Genetics and breeding
Achieving production targets within a breeding enterprise is assisted by developing a breeding program that utilises genetic and reproduction knowledge and technologies.
The productive potential of an animal is defined by its genetic makeup which then interacts with environmental factors, such as nutrition, to determine the extent to which the potential is realised.
Using the best available genetics allows producers to potentially improve the animal's contribution to enterprise profit, and reproductive management aims to ensure that the desirable genes that have been selected are transferred from one generation to the next.
Breeding objectives and selection
An enterprise's breeding program beings by defining a breeding objective. A breeding objective describes the 'ideal' animal a producer aims to breed and is influenced by market requirements which are reflected in market specifications.
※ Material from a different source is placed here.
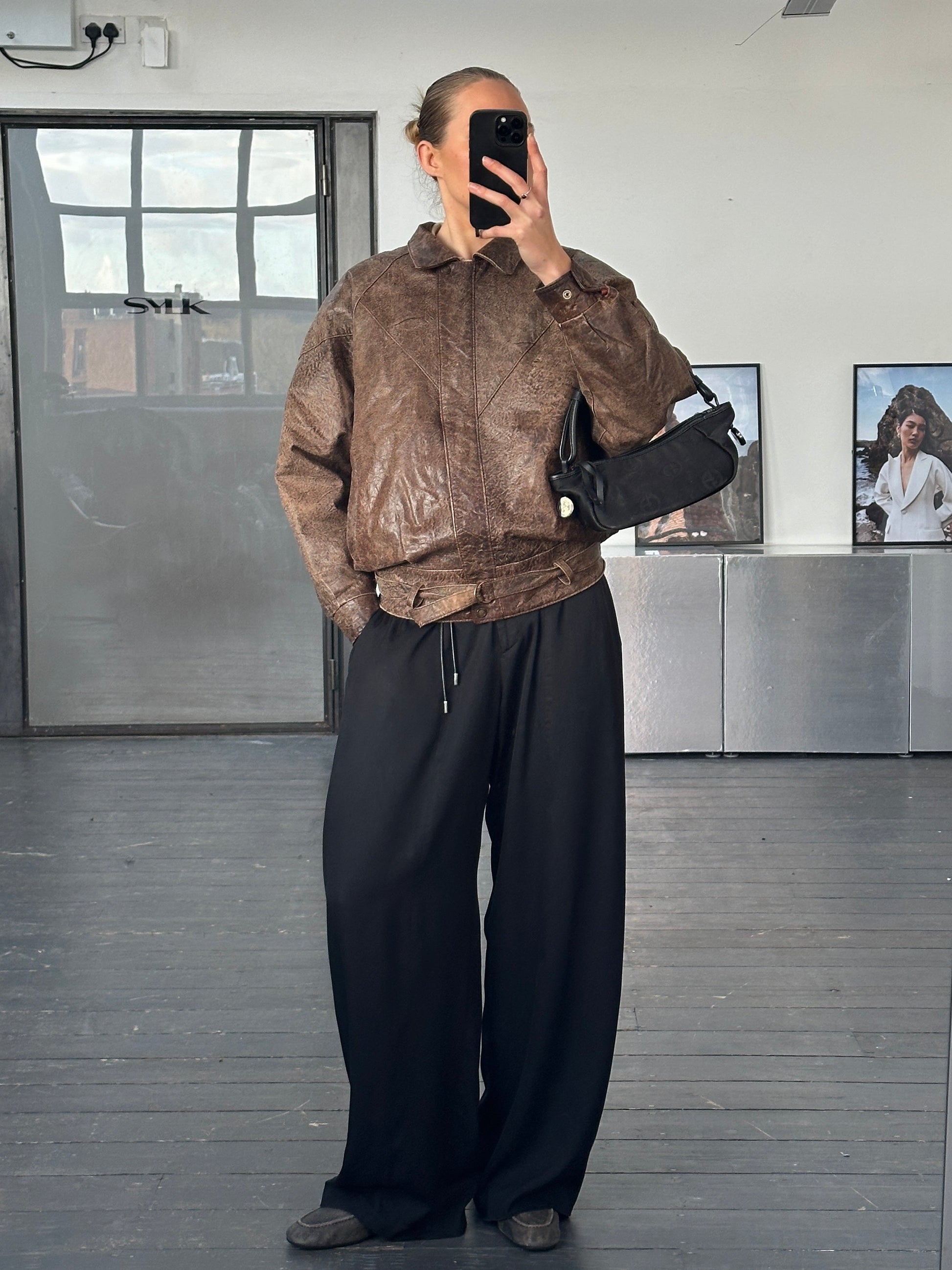 Vintage 1980s leather jacket featuring a concealed front placket and sculpted silhouette with a broader chest and cinched waist. Designed with shoulder pads and an adjustable belt to emphasise shape. Finished in richly patinated brown leather with natural wear throughout.

Once a producer has developed a breeding objective that reflects market requirements, livestock that demonstrate traits that suit the breeding objective can be selected.
Visual and genetic assessment
Selection should consider both subjectively measured traits, such as those measured through visual assessment, and objectively measured traits, such as those identified through measurement or genetic assessment.
The difficult task of selecting breeding stock based on genetic assessment is made easier and more precise through estimated breeding values (EBVs) for cattle and goats and Australian sheep breeding values (ASBVs) for sheep.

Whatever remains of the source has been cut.